4. 2-Minute Peanut Butter Rice Squares
Jar of peanut butter | iStock.com
Rebecca Scritchfield’s 2-minute peanut butter rice squares will keep your energy levels up during high-intensity workouts. The recipe calls for rice, maple syrup, and peanut butter, but you can also personalize this vegan and gluten-free recipe by adding in spices, dried fruits, shredded unsweetened coconut, sea salt, and chocolate chips.
- 1 cup leftover rice, brown or white
- ¼ cup peanut butter, creamy or crunchy
- 2 tablespoons 100% maple syrup
Directions: Place peanut butter in a microwave-safe dish and heat on high for 45 seconds, or until loosened. Add to a medium bowl along with maple syrup. Stir to combine. Add rice, then stir until evenly coated. Transfer to an 8-by-8-inch baking dish or glass container. Cover and keep stored in the refrigerator. Cut into squares before eating.
5. Banana Sushi
Slicing bananas | iStock.com
Active.com’s pre-workout snack consists of potassium-filled bananas, nut butter, tortillas, and jam. Livestrong notes that you can help prevent muscle cramps in your legs by eating bananas prior to your workouts.
- 1 tortilla of your choice
- 1 banana, sliced
- 1 tablespoon nut butter of your choice
- 1 tablespoon jam or apple butter
Directions: Spread a thin layer of nut butter on the tortilla, topped with a thin spread of jam. Place banana slices on bottom third of the tortilla and roll up tightly. Cut into one-inch pieces.

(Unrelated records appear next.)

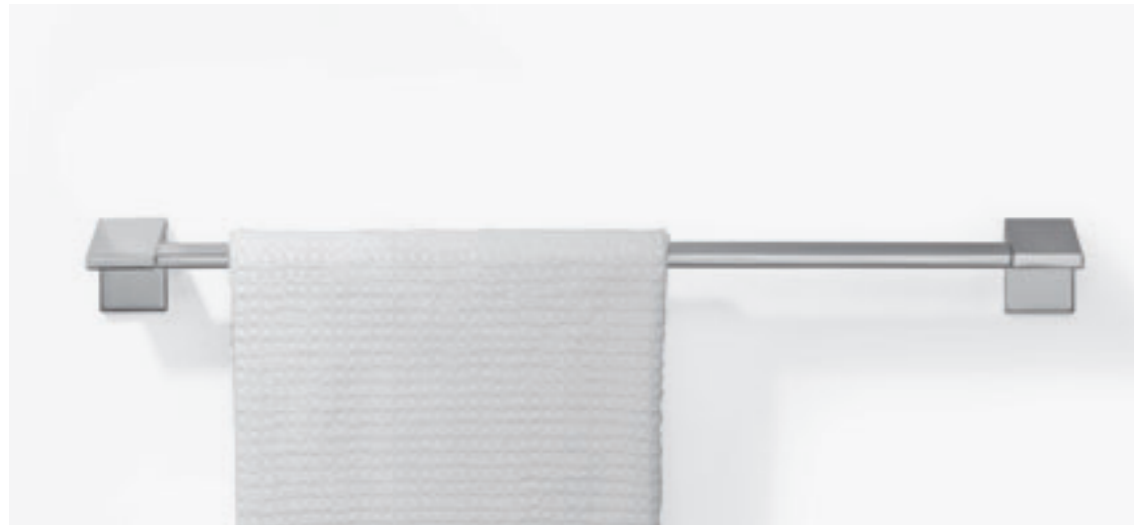
83 060 980 Towel bar, 600 mm Asta portasciugamani, 600 mm Barra para toallas de baño, 600 mm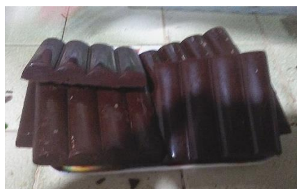
Figura 10. Pastilla artesanal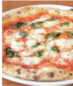
マルゲリータ フレッシュバジル、モッツアレラ、 トマトソース Margherita Fresh Basil, Mozzarella, Tomato Sauce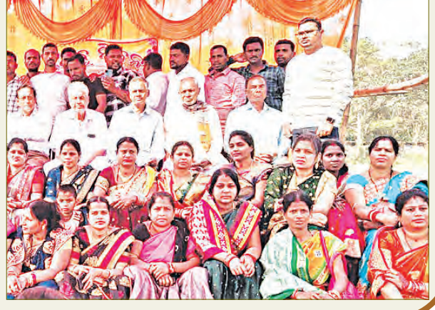
କୃତଜ୍ଞ,୧୩୧୨(ସମ୍ବିଧ): କୃତଜ୍ଞ ରୁକ୍ମ ଫାଉଣ୍ଡେସନ୍ ମାଧ୍ୟମରେ ପୁରୁଣା ଦିନର ପୁଣି ଭୋଗଧାନ କରିଥିଲେ ।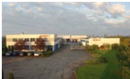
ISEKI-Niederlassung in Naunhof bei Leipzig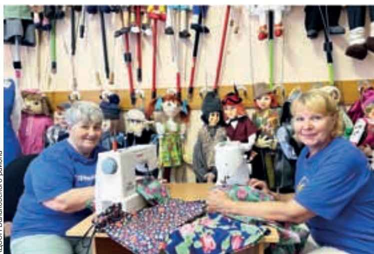
«Серебряные» волонтеры - на все руки мастера.

Получатели социальных услуг отметили, что важно продолжать вести активный образ жизни, чтобы обеспечить качественную жизнь и удовлетворение от своей жизни, а также помогать другим людям согласно своим возможностям, учитывая прогресс болезни.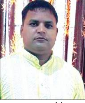
मृतक का फाइल फोटो

► मंडी चौकी प्रभारी पर लापरवाही और अभद्रता का आरोप ► सीओ के नेतृत्व में कई थानों की फोर्स ने संभाला मोर्चा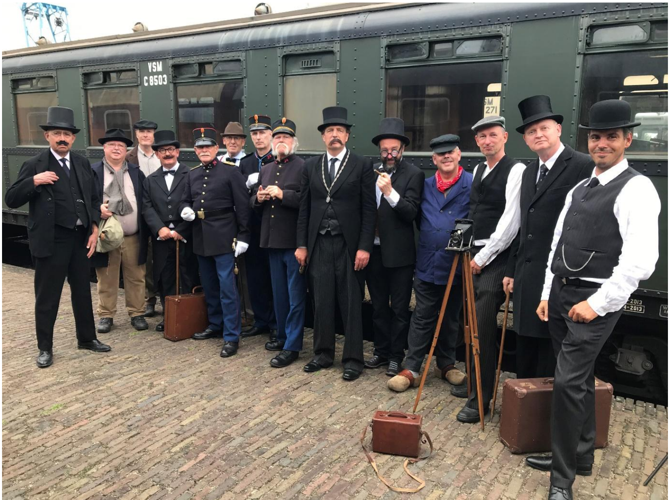
Vrijwilligers van het Platform als figuranten, samen met de burgemeester

Op zaterdag 3 juli hebben meerdere leden van ons Platform als figurant deelgenomen aan de opnames voor de film “Blijven, komen en gaan” van Arno Setz. De film gaat over de grote veranderingen die Ede heeft ondergaan in de afgelopen ruim 100 jaar. Op zaterdag 13 november vond in Pathé Ede de première plaats van deze (vernieuwde) film. Meerdere Platformers waren hierbij aanwezig. Het is een leuke film geworden die een mooi beeld schetst van het heidedorp Ede van toen, en de kleurrijke gemeente die het nu geworden is.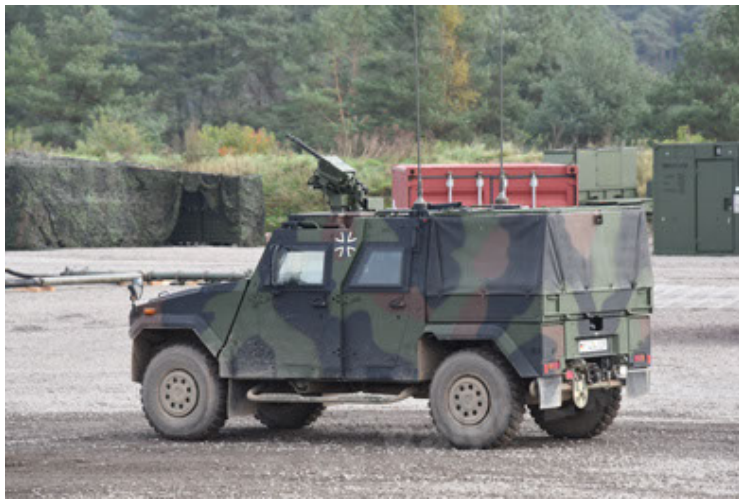
Eagle IV EinsFzgFüPers (111).JPG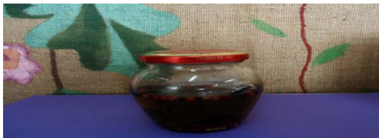
Εικόνα 11: Δυόσμος σε ελαιόλαδο

Συντηρήσαμε δυόσμο σε ελαιόλαδο: Γεμίσαμε ένα βαζάκι με δυόσμο και ρίξαμε λάδι μέχρι να σκεπαστεί ο δυόσμος. Βάλουμε και διάφορα πιπέρια μέσα. Χρησιμοποιούμε τα φύλλα σε συνταγές με δυόσμο. Όταν τελειώσουν τα φύλλα, το λάδι θα το χρησιμοποιήσουμε σε σαλάτες ή στο μαγείρεμα.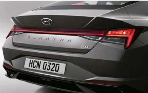
Faros posteriores bombilla + led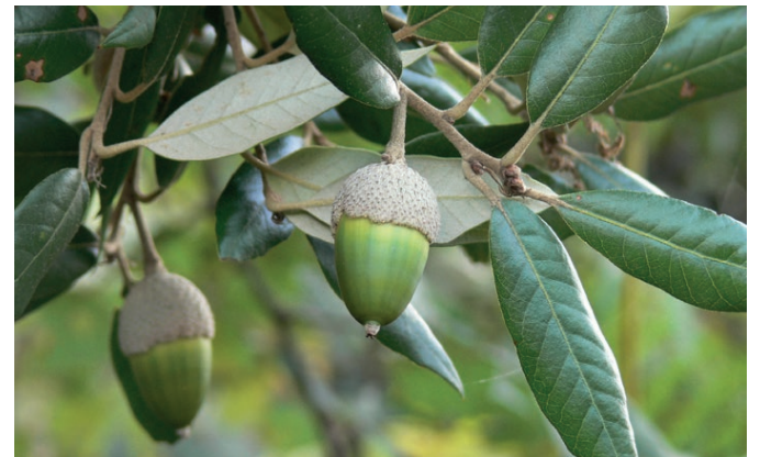
ENCINA Sus bellotas sirven de alimento a los jabalíes.

La senda botánica, como su nombre indica, permite al senderista admirar la flora y fauna que esconde este bello paraje. La riqueza arbórea tiene en la encina a uno de sus mejores exponentes y su fruto, la bellota, representa un auténtico manjar para uno de los habitantes de este entorno: el jabalí. Un fruto diferente (redondo y de color negro azulado cuando madura) identifica al enebro , arbusto que protege sus bayas entre hojas lineales, rígidas y punzantes.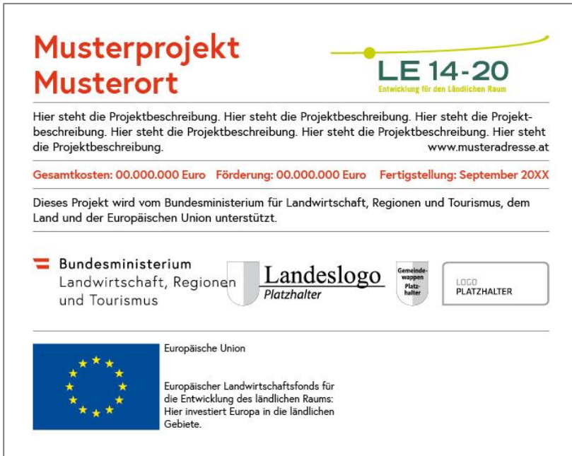
Abbildung 4.5.: Erläuterungstafel – bei mehr als 50.000 Euro öffentlicher Unterstützung.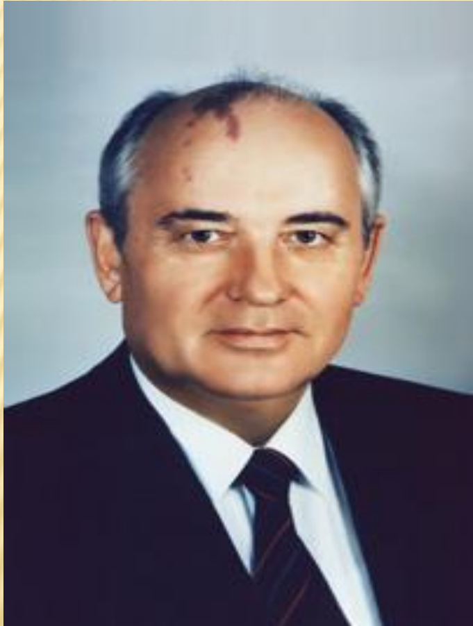
М.С.Горбачев р. в 1931г. Генеральный секретарь ЦК КПСС (с1985-1991), Председатель Верховного совета СССР (1989), Президент СССР (1990-1991)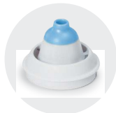
Nasenduse adapter von 3 bis 12 Jahren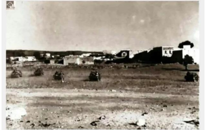
صفصاف: صورته قديمه ليوم احتلال قريه الصفصاف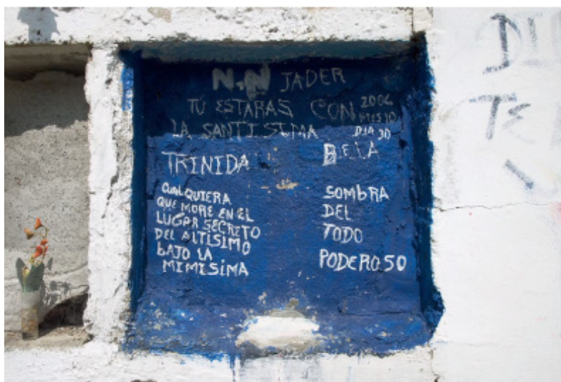
Figura 4C. Video, screenshot 3.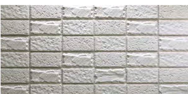
TN452R/SH/RC-SC43 石面 (R)、ショット面 (SH)、ロック面 (RC) 3面状ミックス 設計価格 ¥2,700/m 2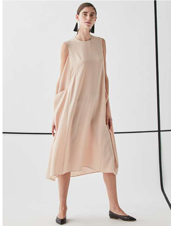
『BEIGE,』×『SUPPORT SURFACE』 ワンピース (OPCWYM0340) ¥46,440 (税込)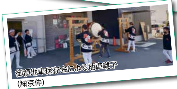
御領地車保存会による地車囃子 (株京伸)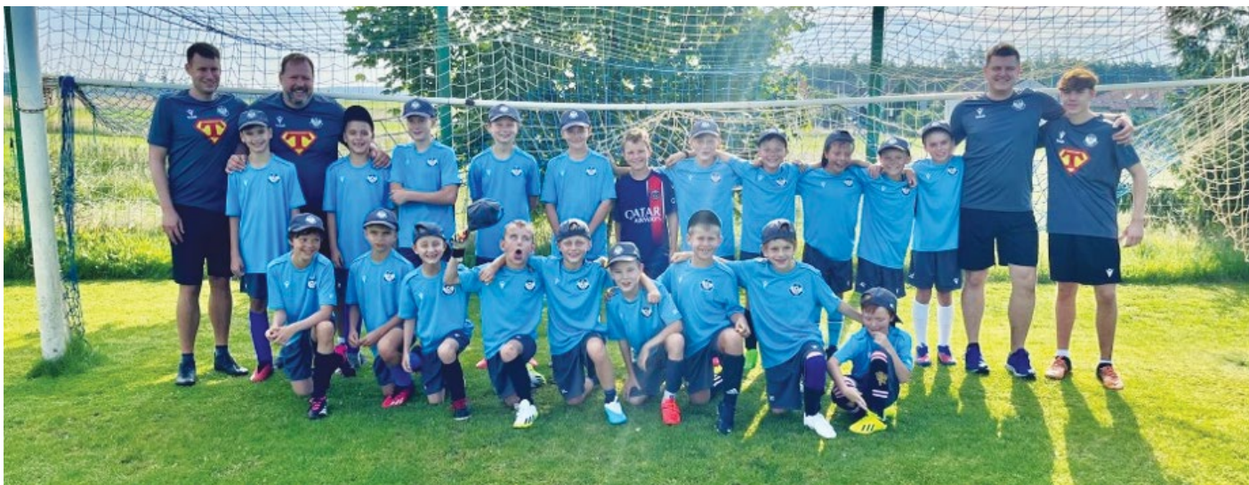
Účastníci Příměstského fotbalového tábora TJ Klíneč 14. 8. 2023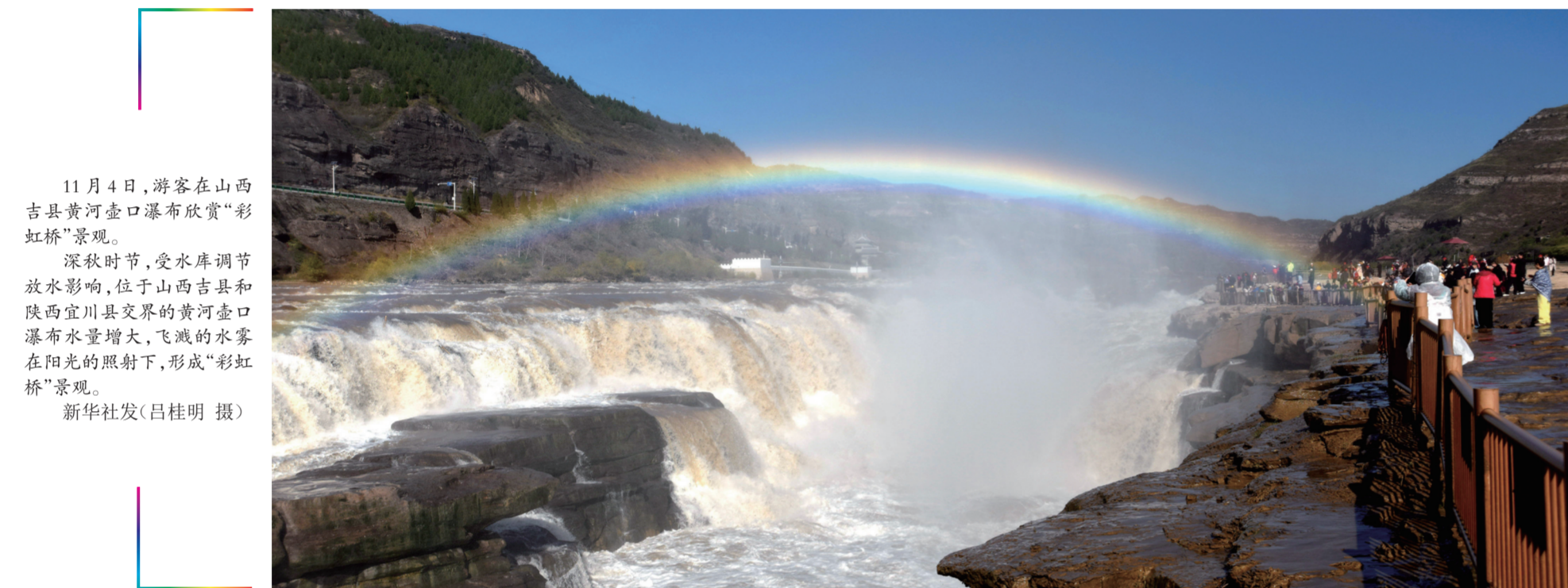
11月4日,游客在山西吉县黄河壶口瀑布欣赏“彩虹桥”景观。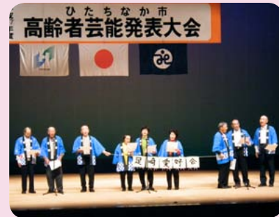
▲足崎愛好会による合唱「北国の春」

10月21日、市文化会館大ホールにて「市高齢者芸能発表大会」が開催されました。 出演者は市内高齢者クラブ会員37組519名、応援者426名、関係者等で約1,200名の方が集まり、盛大な発表大会になりました。演目は民謡、民謡舞、舞踊、リズム体操、合唱等多岐に渡っており、今年度新たに参加するクラブもありました。 日頃の練習の成果を発表する場とのことで、出演者は緊張の中での発表でしたが、いきいきと発表されており、終わった後の笑顔はととても輝いていました。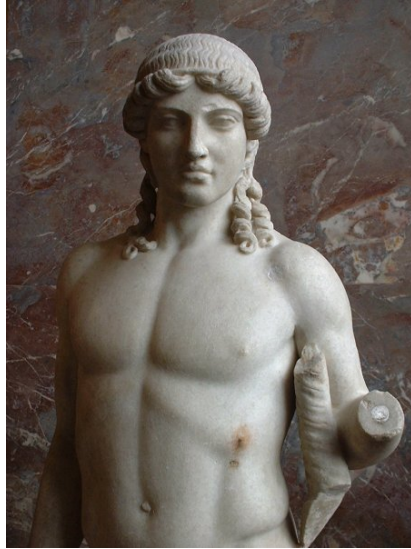
Fig.7: Estatua de Apolo de Mantua. Museo del Louvre. Copia romana de un original griego

Tradicionalmente se asociaba Kaloskagathia con la alta cuna, la belleza divina y rectitud moral en los aristócratas que se consideraban engendrados directamente de los dioses. La concepción de la aristocracia no consiste únicamente en pre-eminencia económica, política y social, sino representa la tendencia inherente de los nobles ( aristoi ) hacia kratein (ser descendiente de) , pero más concretamente to arista legein (elegir lo mejor). Con esto Mooney (2006) quiere decir que además de ser una clase, era un ejemplo para el resto. Eran vistos como moralmente más desarrollados y por supuesto también tenían un aspecto diferente.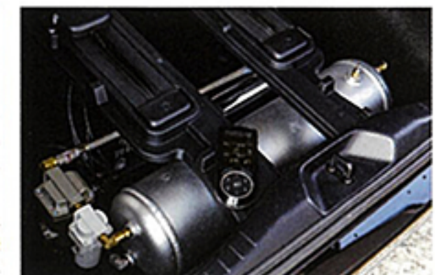
重量感あるLMルックにシャープなSG1ときたら、やはり車高は低い方がハマる。デモカーではイデアルのエアマックスを相棒に選択した

リフェクトでは、アル&ヴェルなら前後期間問わずにLM化が可能。塗装込みで約300万円からで、継続車検もOK。車種により要一部加工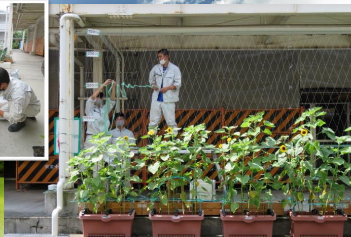
アサガオの手前ではヒマワリも元気に咲いています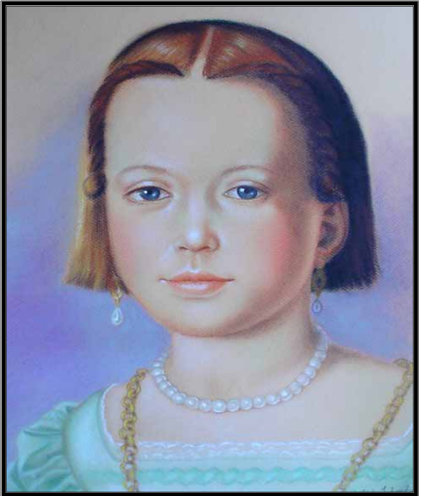
JADWIGA (Fragmento de una obra de Agnolo Bronzino)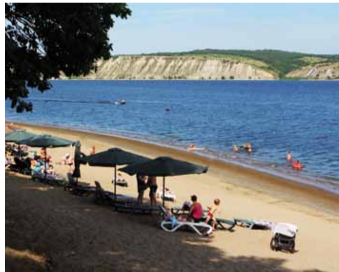
Впереди у отдыхающих бархатный сезон

Заселение в номера будет производиться по 1 человеку в номер, за исключением, когда прибывшие на отдых и оздоровление являются членами одной семьи. Дети до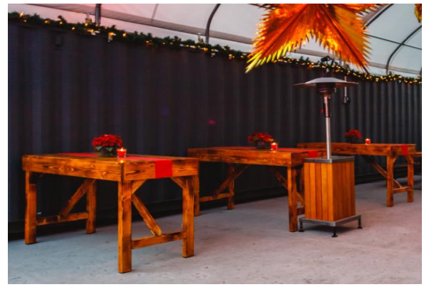
Rustikale Lange Stehtische (8 Personen)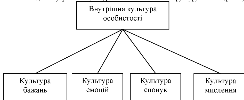
Рис. 1. Складові внутрішньої культури особистості.

Схематично складові внутрішньої культури особистості можна структурувати так (рис. 1).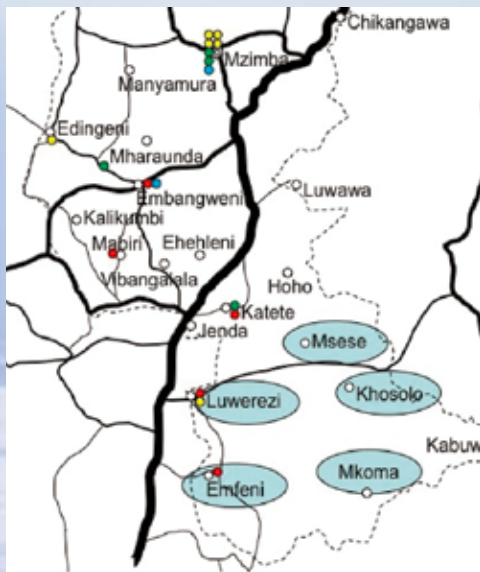
図① Luwerezi H/C クラスター地図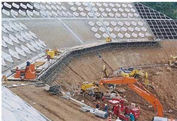
災害復旧のための水抜き工施工状況

6. Lemon Ginger Pre-Workout Breakfast Cookies
Healthy breakfast cookies | iStock.com
Perfect for breakfast or a pre-workout snack, Vega’s cookies are filled with bananas, cashew butter, coconut oil, fresh ginger, oats, and cashews. After eating all of those nutritious ingredients, we guarantee you’ll have a fat-burning, calorie-blasting workout!
- 2 bananas, puréed
- 2 tablespoons ground flax
- 5 tablespoons water
- ½ cup cashew butter
- 2 tablespoons coconut oil, melted
- 1 tablespoon vanilla extract
- 2 tablespoons maple syrup
- 1 tablespoon fresh ginger, chopped fine
- 1 lemon, zested and juiced
- 1 teaspoon baking soda
- 1 pinch salt
- 1 cup oats, ground
- 1½ cups oats
- ¼ cup cashews, chopped
Directions: Preheat oven to 350 degrees Fahrenheit and line a cookie sheet with parchment paper. In a food processor, combine banana, flax, water, cashew butter, coconut oil, vanilla extract, maple syrup, ginger, lemon zest, and juice. Process until combined, then transfer to a mixing bowl. Add baking soda, salt, oats, and cashews. Mix well to combine, then roll into balls and transfer to prepared cookie sheet. Flatten each cookie slightly. Bake for 12 to 15 minutes, or until lightly browned.